Some people were let go. Some promoted. Me? I got a compliment on my work, then an order. I was to start putting in a ‘full day’. I was to stay at the office until QB left the office, and I was to help her with her projects when mine were done.

Huh?

I tried to explain how I’d worked just as many hours and how my record stood for itself – without getting all vindictive and brining up QB’s husband or why she stayed so late. I’m nothing if not the model of discretion.

It fell on deaf ears.

I don’t know what that woman had been feeding him, but there wasn’t a grain of truth in it. I’ll always remember the smile she gave me as she left his office and passed me in the hall. A shark has more warmth in their grin.

I’ve said it before, but I have the most wonderful hubby on earth. I called him to meet me for lunch and he came, no questions asked.
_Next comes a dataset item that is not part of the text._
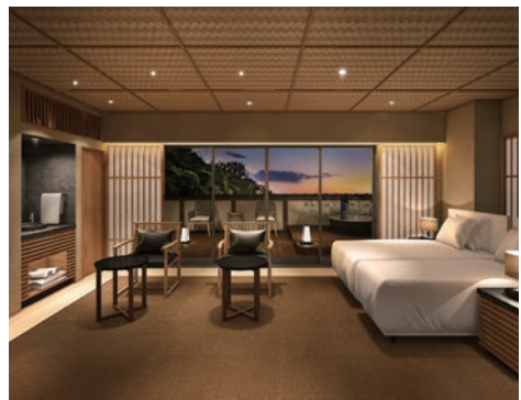
6F客室(特別室/イメージ)

「新名称の決定」 まるは食堂旅館「別邸」の新名称が決定しました。これまでいくつかの候補が挙がってきましては検討を繰り返してきましたが、意見がまとまり決定しました。その名も「はずのほし」。名称にある「はず」は、宿が知多半島の先端に位置し、周りが「羽豆岬」「羽豆神社」などの観光スポットとして有名なことから。三河湾や伊勢湾、日間賀島や篠島、神島などが見える絶景ポイントでもあり、そこから見える海も水平線が見えるくらい開放的で、特に夕日が綺麗に見えるところ。『ほし』には、この「旅館」への2つの想いが込められているようです。知多半島の先端で海に囲まれる漁港近くにある

I sat in his pickup in the parking lot, trembling with such shock and anger – my voice cracking as I tried to keep it under control – re-telling the horror of my morning. He asked me what I wanted to do. Short of getting a gun and taking out some people. I said I wanted to quit. I would find another job, I was sure, because this job had built a lot of confidence in me and in my skills. I knew we needed the money, but I needed my sanity.

Hubby said, “Do it”.

Never one to quit a job unfinished, I went back into the office on Saturday and finished my project. I cleaned out my cubby alongside the others who had been ‘let go’ – all of us wondering ‘what next?’. The big boss had gone back to California after doing all the damage he could, so I took the cowards’ way and quit with an e-mail. I never felt such a sense of relief and I never heard from them again.
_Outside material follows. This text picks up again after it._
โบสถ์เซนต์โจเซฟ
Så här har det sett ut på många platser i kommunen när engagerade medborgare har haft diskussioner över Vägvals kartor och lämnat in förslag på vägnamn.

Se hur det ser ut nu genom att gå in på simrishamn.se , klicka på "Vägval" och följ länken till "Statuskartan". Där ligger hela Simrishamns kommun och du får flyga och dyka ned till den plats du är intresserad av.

Ironically, here we are 10 years later and my eldest daughter is working in the same office as QB. She doesn’t know who my daughter is – she’s married and has a different last name – and I’ve warned my daughter to stay away from her. She knows the whole story and luckily doesn’t work in the same department. Daughter says she’s observed from afar, however, and QB seems just the same as I’ve described her…
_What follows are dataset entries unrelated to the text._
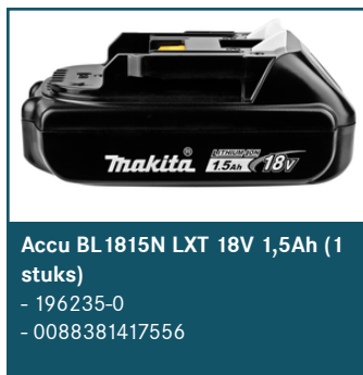
Accu BL1815N LXT 18V 1,5Ah (1 stuks) - 196235-0 - 0088381417556
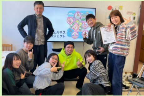
△ おしゃべりばー 第1回~4回 (詳細はP6)
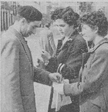
Señoritas postulando en la vía pública
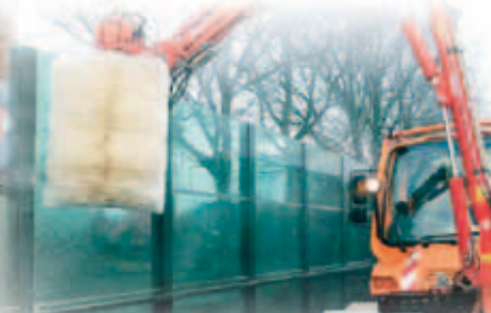
SKYLTTVÄTT ANLÄGGNING. RENGÖR SKYLtar OCH LJUD/AVGRÄNSNINGSVÄGGAR
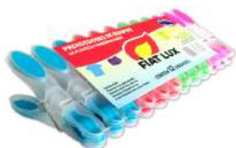
440 PREND ROUPAS PLASTICO EMBORRACHADO C/12 CX/50 7896007932221
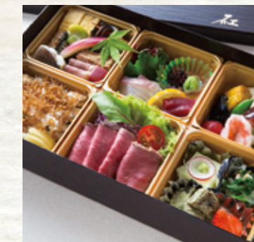
※写真は和~なごみ~です
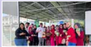
Ahli-ahli PPWS Bintulu/Tatau bersama pihak TOCLAN Borneo

PPWS Daerah Bintulu/Tatau telah mengadakan lawatan ke tempat penanaman fertigasi dan hidroponik di Kuching. Tujuan lawatan ini untuk mendapatkan tambahan ilmu bagi menyokong usaha ahli-ahli PPWS Bintulu/Tatau dalam penanaman kebun dapur di bangunan PPWS. Ibu Pejabat PPWS telah membantu menyelaras lawatan mereka dengan pihak HFE Agro dan TOCLAN Borneo.

All I’ve got to say is, you messed with me once, Bitch – never again. I could have titled this piece, “Why I Don’t Like Working With Women”. Give me a room full of men any day!

1 Comment

  • she falters to rise says:

    This post made me so angry at QB and the ambigous way our society rates employees that I almost threw something. Few people recognize efficient employees and most people give props to employees who “live at the office”. Unfortunately, those employees come in late, spend way too much time reading the news, making personal calls, getting coffee, and smoking. They also always take a full hour for lunch, even when the office is overwhelmed with work, and push work off onto other people. People like QB never count the 4 hours you work before anyone else gets in–they just make a note when you leave 1-hr before everyone else.

    Why are people so insane? Why don’t the realize that it is efficiency and productivity that matter?

    I’m sorry you had to go through all of this. I believe that you were damn good at what you did.